I still did not give up hope. The recent national planning framework says the same thing we have been saying for 30 years: that we must go back into the centre and the core. I thought there may still be hope. I still said to my wife when I got home at night that the situation was about to change and that we were going to move to sustainable transport. What happened? The national development plan abandoned sustainable transport. It is all about roads, as is ever the case. It states that 50% of new housing will be built outside existing urban areas. How does one square that with the national planning framework? This is being run by IBEC. We have a big industrial base that knows how to make money out of roads. Even if the roads do not make transport sense, they make economic sense because people are good at making money out of making roads. I am sorry if that is a cynical attitude, but I am releasing 30 years of frustration.

Politics, which trumps everything, is part of the problem. One may have all the bottom-up touchy-feely approach but it is top-down politics that counts. According to the NTA household travel survey, some 75% of journeys - 80% nationwide - are by car, while public transport accounts for 5% of trips. Politicians are not stupid. Advertising agencies spend millions promising people that if we get another little bit of road, we will finally be free. Politicians represent the 80% who travel by car and are very sensitive to their wishes, so we steer based on that false promise.

Another reason that we have not moved to a sustainable transport system is that doing so is difficult. The bottom-up touchy-feely approach is needed because this involves reallocating space and it is difficult to do so when 75% of journeys are by car and one wants to reduce that rate. This is about parking, trucks and winning back space for children, cyclists, elderly persons, blind persons or anyone else who is not involved in the big industrial roads-based system which aims to keep making money out of cars and, as such does not count.

Dr. Devaney is correct in her point on framing. I saw Deputy Michael Healy-Rae with his flat cap on television last night. I have great time for him, but he was saying that he is not sure about the proposals for sustainability and asking what about the poor people and farmers. It is the same old framing. What about the 200,000 people who commute for more than two hours a day, which is injurious to their health? Some 80,000 of them have young children. What about the children who do not see their parents? What about the 80% of Irish children who do not get the recommended level of daily exercise because of the system we have created? Will that ever be taken into account on a prime time show or in the framing of this debate? It will not.

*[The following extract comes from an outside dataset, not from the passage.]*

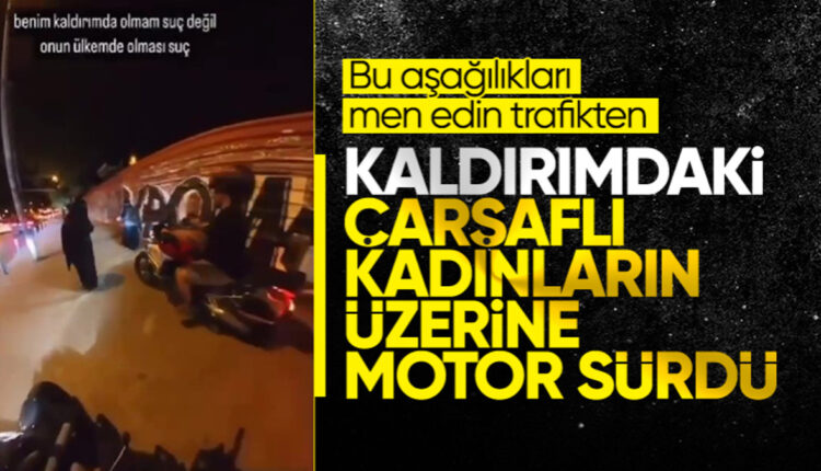 Eine Person erschreckte verschleierte Frauen, indem sie in Istanbul mit einem Motorrad auf sie losfuhr
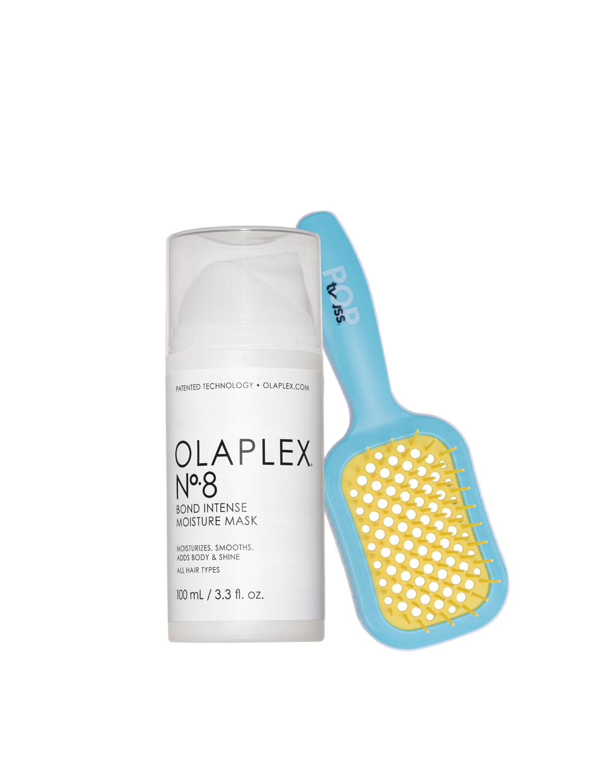 Give your hair the care it deserves with this must-have combo. The Olaplex No.8 Bond Intense Moisture Mask delivers deep hydration, smoothness, and body while strengthening damaged hair from within. Paired with the Pop Brush, it helps detangle with ease, minimizing breakage and leaving your hair soft, manageable, and beautifully healthy.

My hopes were raised by the climate action plan because it seemed that there was some urgency about it. Officials in the Department of Transport, Tourism and Sport appeared before the committee, but their performance was excruciatingly poor. They did not know what was their ambition for 2030. Representatives of Transport Infrastructure Ireland appeared before the committee and were asked - I will never forget it - for their solution to gridlock in Dublin. The solution they published is to widen the N7 between Naas and Newbridge as well as the N6, the N3, the N2 and the N11. That was their answer to the question of how to improve transport in Dublin.

There is some brilliant stuff in the climate action plan around governance and the action plans approach to beginning to work on this area. Everything it contains in that respect is right. However, the section delaying with transport is an utter disgrace. Deputy Murphy is right that we need other people to start saying that. I challenge anyone to point out where I am wrong. The reliance on a McKinsey marginal abatement cost curve, MACC, is so early 2000s in terms of climate change policy that it is embarrassing. The promise of a cycling office is so 1990s. We have heard that promise so often that I am tired of it. The promise of a scrappage scheme that has not even been worked out sounds like it comes from Society of the Irish Motor Industry. It is ill thought-out and inappropriate. The doubling of the number of electric vehicles on the back of a McKinsey MACC curve is not good enough, given that we spent two years at this. The Department should be ashamed if that is the best it can come up with.